2B huh, no problem I thought as I looked at the page. Her image formed onto the page and before I knew it my hand automatically moved. I sketched a brief outline of the shape of her head and the shape of her hair and her chin. I paused as her eyes came to my mind, large almonds with thick upper lashes. I gently marked the outlines of these and of her medium curved shaped nose and her petite defined lips. I leaned back as I viewed where there were details. I shaded her lips and her eyes making sure I drew in the lines for her irises and darkly shaded her pupils and places for highlights. Lashes were a collaboration of thick and thin lines which emerged from the top lid and some from the corner of the bottom lid. I finished the nose doing the nostrils and indicating where the light would come from. I hid her ears by drawing her hair (I hated drawing them which is why). Her locks were made of mostly straight lines, almost evenly distributed which started at the crown and came to a little past her shoulders. I did her shoulders and then removed certain lines with the white gum eraser attached to the end.
Once finished I sat back and placed the pencil down. My right hand ached so while Bronson looked at the picture I stretched out my fingers and cracked my knuckles.
“Wow,” he said at last, the paper covering where his face roughly was, “this is amazing,” he added sounding blown away by it. He held it down and smiled at me.
“You must really like her, for you’ve drawn it so well it’s as if she was sitting across from you and modelling,” my mouth slowly formed into a small smile.
“Yeah I suppose.” Then I suddenly remembered the time and glanced at the clock right behind me.

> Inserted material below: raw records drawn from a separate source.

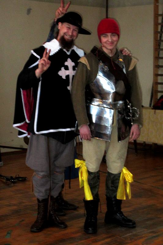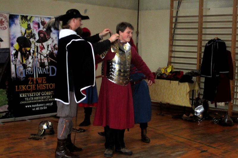 Uczniowie mogli ubrać żupan, kontusz oraz uzbrojenie kawalerii i piechoty: „pancernego”, pikiniera, muszkietera, a także przymierzyć zbroję husarską. Obejrzeli także pokaz walki szablą oraz rapierem w wykonaniu rycerzy Chorągwi. [M.D-R.]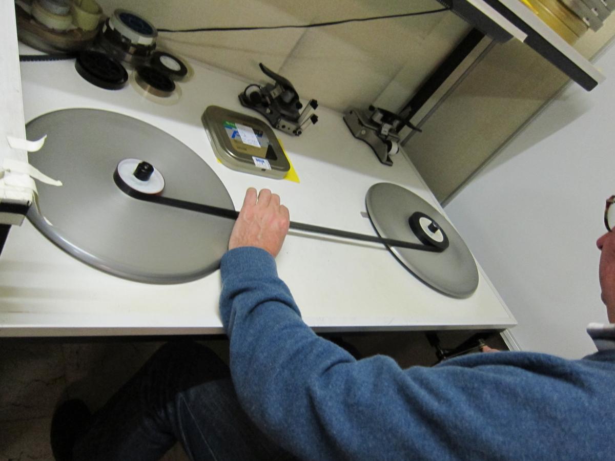 Na het aanplakken van een aanloopstrook – die voor bescherming zorgt bij het inleiden – gebeurde een controle van de film, gevolgd door een reiniging in de machine. De film werd vervolgens manueel (tussen de vingertoppen) gecontroleerd op scheurtjes en perforaties (zie Afbeelding 7). Een eventuele herstelling van slechte lassen bleek niet nodig. Er werd een extra aanloopstrook aangezet (zie Afbeelding 8). Tenslotte werd de film op de montagetafel bekeken om de scan (inhoud, ondertitels, begin-einde) te bepalen.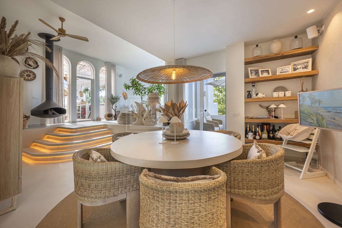 Inside, the design is contemporary and modern, reflecting its recent renovation. A modern boho-chic aesthetic defines the interiors, with light tones and natural textures creating an open, airy atmosphere.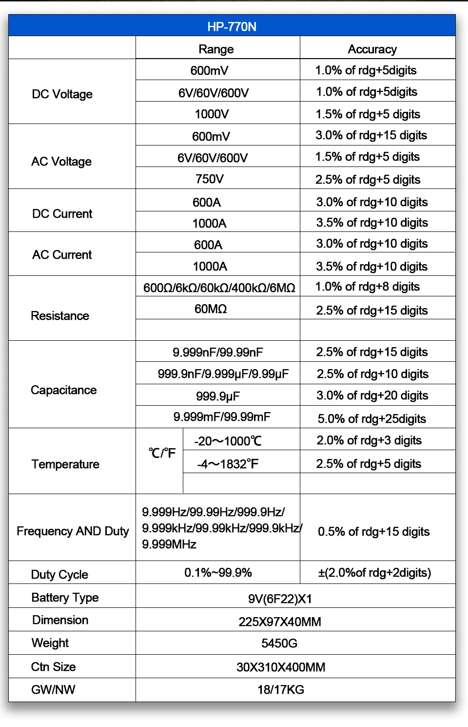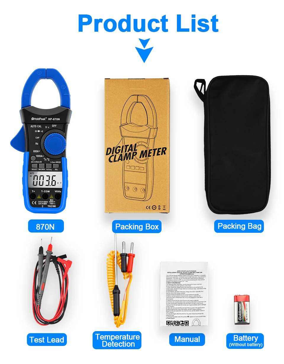 Цифровой мультиметр-зажим HoldPeak HP-870N x1 Руководство по эксплуатации на английском языке-1 шт. Тесты приводит x1 Датчик температуры x 1 Сумка для переноски-1 шт.

“Oh crud I have to go,” I got my bag and stood up, “Umm Bronson,” I began somewhat hesitant, “would you…You know umm, help me with defeating the Sumanitu Taku?” He nodded and came to stand in front of me.
“I’m more of a pacifist than a fighter,” he admitted, “but if she means that much to you then I’ll be happy to help.” He added patting me on the shoulder.
“Thanks,” I said the word somewhat foreign to me. I turned to go upstairs, “I better go and persuade the fox to help me.”
“Hey I’ll give you a lift,” Bronson said fishing in his trouser pocket and dangling a key, “just tell me the address,” I nodded, though wondered how Maxene would feel if I suddenly showed up at her place. But that could wait.